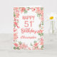 51st Birthday Pink Peach Peonies Watercolor Floral Birthday Card. For further customisation, please click the "Customise it" button and use our design tool to modify this template.
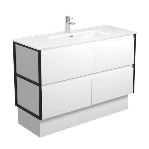 2pac satin white exterior (70% matte, 30% gloss) Powdercoated matte black frame panels (one for each side) Bevelled edge pull channel Full extension, soft close drawer runners 16 mm thick backing boards & drawer bases Made from sustainably sourced timber Part of Fienza’s universal vanities range Width: 1200mm x Depth: 465mm x Height: 870mm
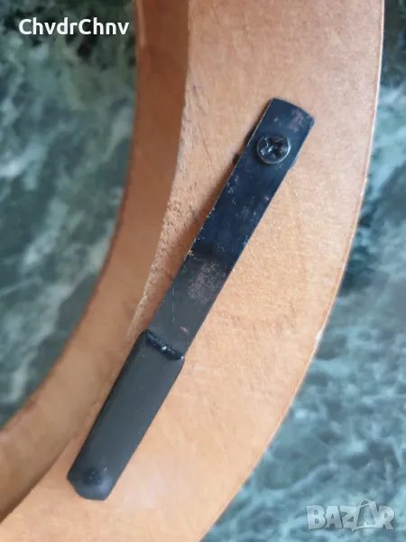 Запазени, направени от качествено дърво, с окачвач и гумирани пружинни пластини (да не повреждат/драскат чинията при задържането/стягането й).
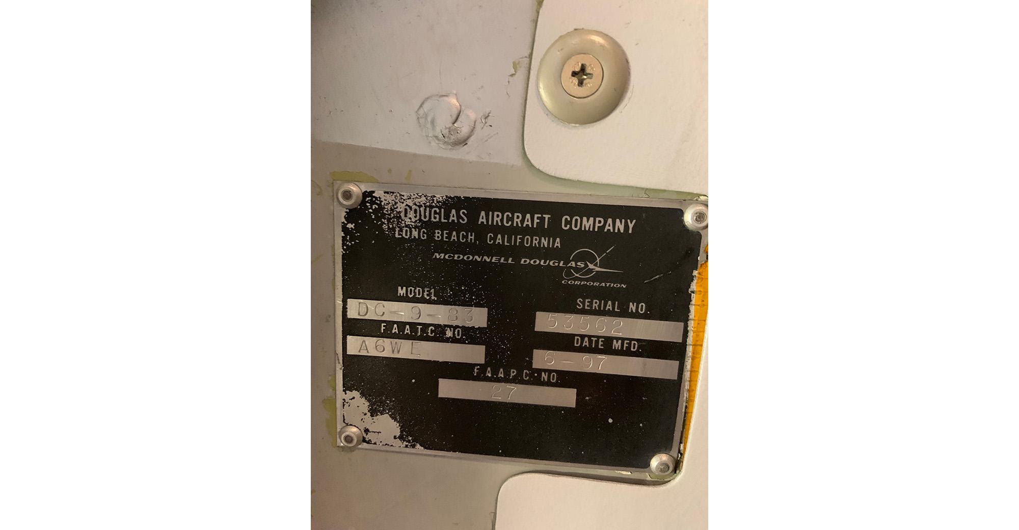 Here’s the aircraft’s nameplate. American Airlines flew MD-81s, -82s, 83s and -87s.
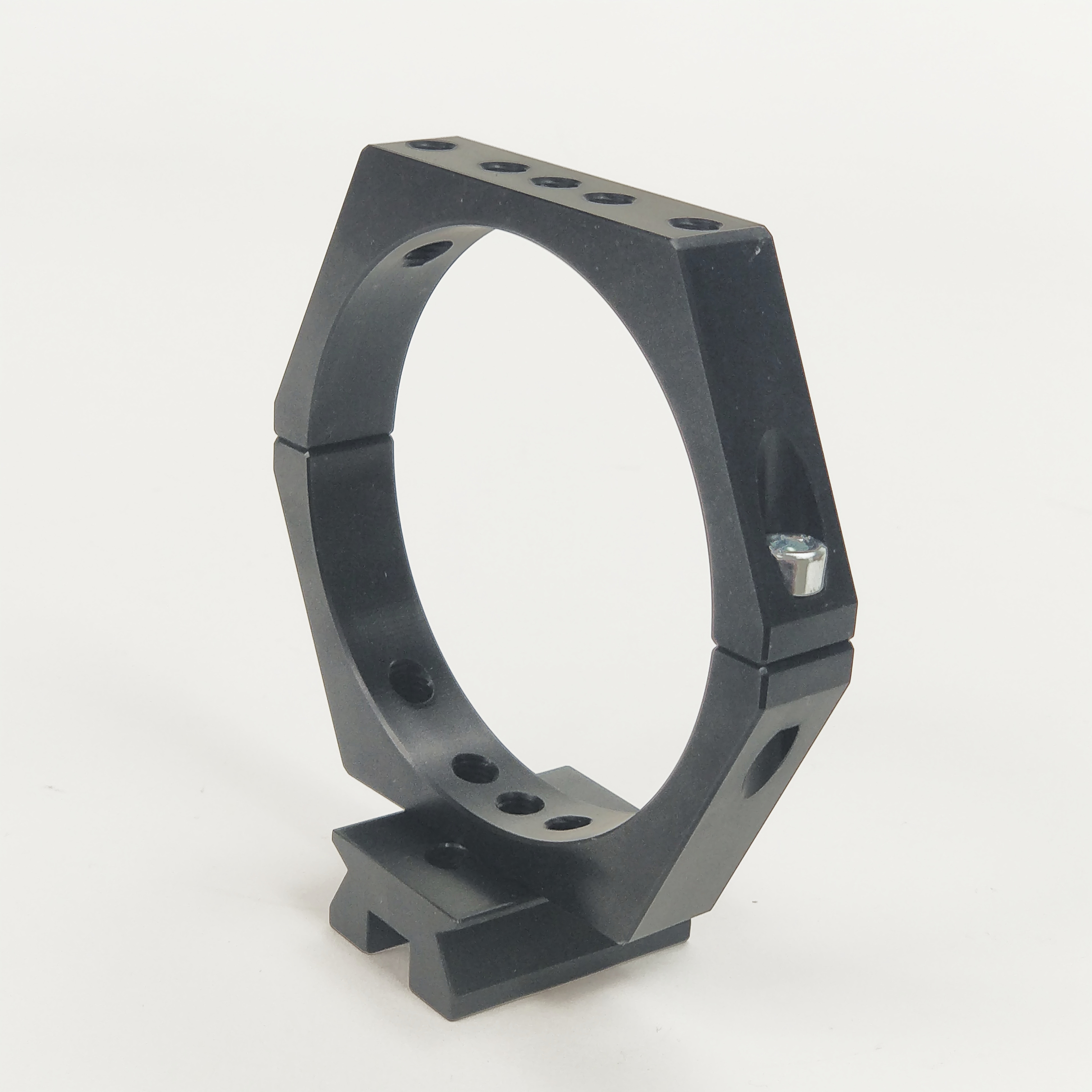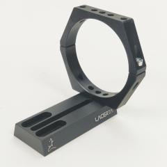 Diese Halterung passt zu gekühlten Astrokameras mit 86mm Gehäusedurchmesser (z.B. viele ZWO oder ähnliche Modelle). Als montierungsseitige Befestigungseinheit wird eine Verbindung zur Arca Swiss, oder standard Sucherschuhe oder Vixen/Celestron/SW Prismenschiene (alle 3 erhältlich in verschiedene Längen) montiert. Dadurch kann die Kamera direkt an Fotostative, Sucherschuh oder Prismenklemme befestigt werden - wie es zu Ihren Equipment am bestens geeignet ist. Die Halterung ist 15mm breit - breit genug um die Kamera halten zu können, jedoch schmall genug um die seitliche Öffnung(en) für die Kühlung frei wirken lassen. Mit einem optionalen Invers- (oder negativ-) Kameraadapter können Objektive von DSLR oder MILZ Fotoapparate angeschlossen werden.

------------------------------------------------

→ **About this task**:
Nothing but the lines from the one with "2pac satin white" through the last line of the material above should appear in the answer, each copied exactly, with no pictures.

→ **Response area**:
 2pac satin white exterior (70% matte, 30% gloss) Powdercoated matte black frame panels (one for each side) Bevelled edge pull channel Full extension, soft close drawer runners 16 mm thick backing boards & drawer bases Made from sustainably sourced timber Part of Fienza’s universal vanities range Width: 1200mm x Depth: 465mm x Height: 870mm
 Запазени, направени от качествено дърво, с окачвач и гумирани пружинни пластини (да не повреждат/драскат чинията при задържането/стягането й).
 Here’s the aircraft’s nameplate. American Airlines flew MD-81s, -82s, 83s and -87s.
 Diese Halterung passt zu gekühlten Astrokameras mit 86mm Gehäusedurchmesser (z.B. viele ZWO oder ähnliche Modelle). Als montierungsseitige Befestigungseinheit wird eine Verbindung zur Arca Swiss, oder standard Sucherschuhe oder Vixen/Celestron/SW Prismenschiene (alle 3 erhältlich in verschiedene Längen) montiert. Dadurch kann die Kamera direkt an Fotostative, Sucherschuh oder Prismenklemme befestigt werden - wie es zu Ihren Equipment am bestens geeignet ist. Die Halterung ist 15mm breit - breit genug um die Kamera halten zu können, jedoch schmall genug um die seitliche Öffnung(en) für die Kühlung frei wirken lassen. Mit einem optionalen Invers- (oder negativ-) Kameraadapter können Objektive von DSLR oder MILZ Fotoapparate angeschlossen werden.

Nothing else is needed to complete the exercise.